Usually, I opened gifts at my grandparents (not entirely sure why, just a traditional thing), and I had been disappointed throughout the entire morning. I was sure that none of those boxes contained a Wii. Yet then, I opened one up, and there it was! Honestly, it was one of the happiest days of my life, no hyperbole. My grandmother had gone out and waited in line to buy it at a Toys ‘R Us one cold December morning (without doing her hair, mind you, a crime that she usually never commits, under any circumstances whatsoever), which warranted the greatest hug and the most “Thank You’s” ever spoken within one minute.
M. Noah Ward
Video games are such a staple of any gift-giving holiday– at least for me– but it all started 22 years ago in 1988. At that time my family had an Atari 2600 with a couple joysticks, and I was darn happy with it– I’d been playing it for years and my mom and dad (in excellent foreshadowing of today) would even compete for high scores in games like Stealth. I knew that the Nintendo Entertainment System fad had been sweeping the nation for the previous two years, but frankly it was something my family couldn’t afford, I’d never get a gift that fancy and, again, there were countless Atari games lying around. Then Christmas 1988 happened. I had already opened a few great gifts– generic toys, yes!– and then I got one of those clothes gifts. You know the ones– where you may or may not be very happy about it but you know you have to look happy when you open it. Why was I getting a clothes gift as one of my last gifts?!
Ah, but this story was like Andrew Hsieh’s above. I opened the shirt box and it was a bright teal t-shirt with comic strip Link on it, riding a skateboard. “ZELDA Skate Jam!” the shirt said.
“Really?” I thought to myself.
“Wow, thanks! I like the color… that’s pretty cool,” I said. Hey, teal was popular back then. “And Zelda is really cool… but… it’s kind of weird.”
“Why’s that?” my mom asked.
“Because I don’t have a Nintendo. I mean, if I wear this to school, someone might ask me about how much I like Zelda and stuff and I won’t be able to really say anything because I don’t have Zelda or a Nintendo…”
My mom and dad looked at each other and smiled and my dad got up and left the room. He returned with a large-ish wrapped box and put it on my lap with a “here.” I looked at the to/from tag on the box and it said it was from both my parents and my grandmother and granddad on my dad’s side. I ran my hands over the box.
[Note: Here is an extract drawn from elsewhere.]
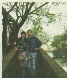
RUÍNAS do Carandirú: família foi conferir cenário de dramas, foi manchetes e virou filme

“What do you think it is?!” my mom prompted me.
“I dunno!” I gave it a light shake, which is totally dumb because I knew it wasn’t clothes and that’s really all you care about as a kid. It was something cooler– another generic toy perhaps!
“Well go on and open it!” my dad said.
So I did slowly, since my family’s not the Tasmanian Devil rip-and-shred type of gift openers. I made sure not to look at the ends of the box before I could fully remove the paper.
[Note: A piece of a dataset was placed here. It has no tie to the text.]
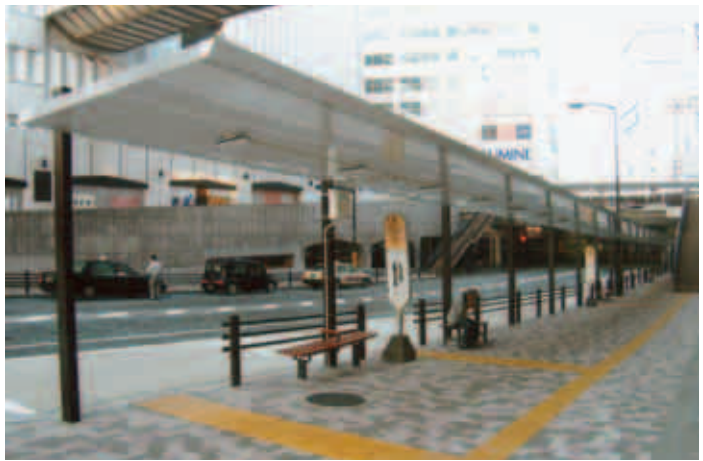
原町田大通り(都市計画道路3・4・11号線)沿いの町田東急ツインズWEST前のバス停に屋根が設置されました。屋根は幅2.4m、長さ約59mです。 ☎都市計画課709・0614 FAX709・0598

It was the NES Action Set! I was so excited. It included the neon orange laser gun (which was a must since my dad loves to shoot and he wanted to play Duck Hunt for himself) and also had Super Mario Bros. on the two-pack included cartridge (er, Game Pak, right Nintendo?).
I was overjoyed. My family and I had many great times on the NES, relegating the Atari to the side (though I did still play it a little for some years more), and thanks to the generosity of grandparents who had never gotten me a “wow” gift before, my family was able to get an NES. I wore the Zelda shirt to school with pride. Okay, I didn’t get Zelda that year but I could still say, “Yeah but Mario’s way cooler than Zelda!” I still say that today.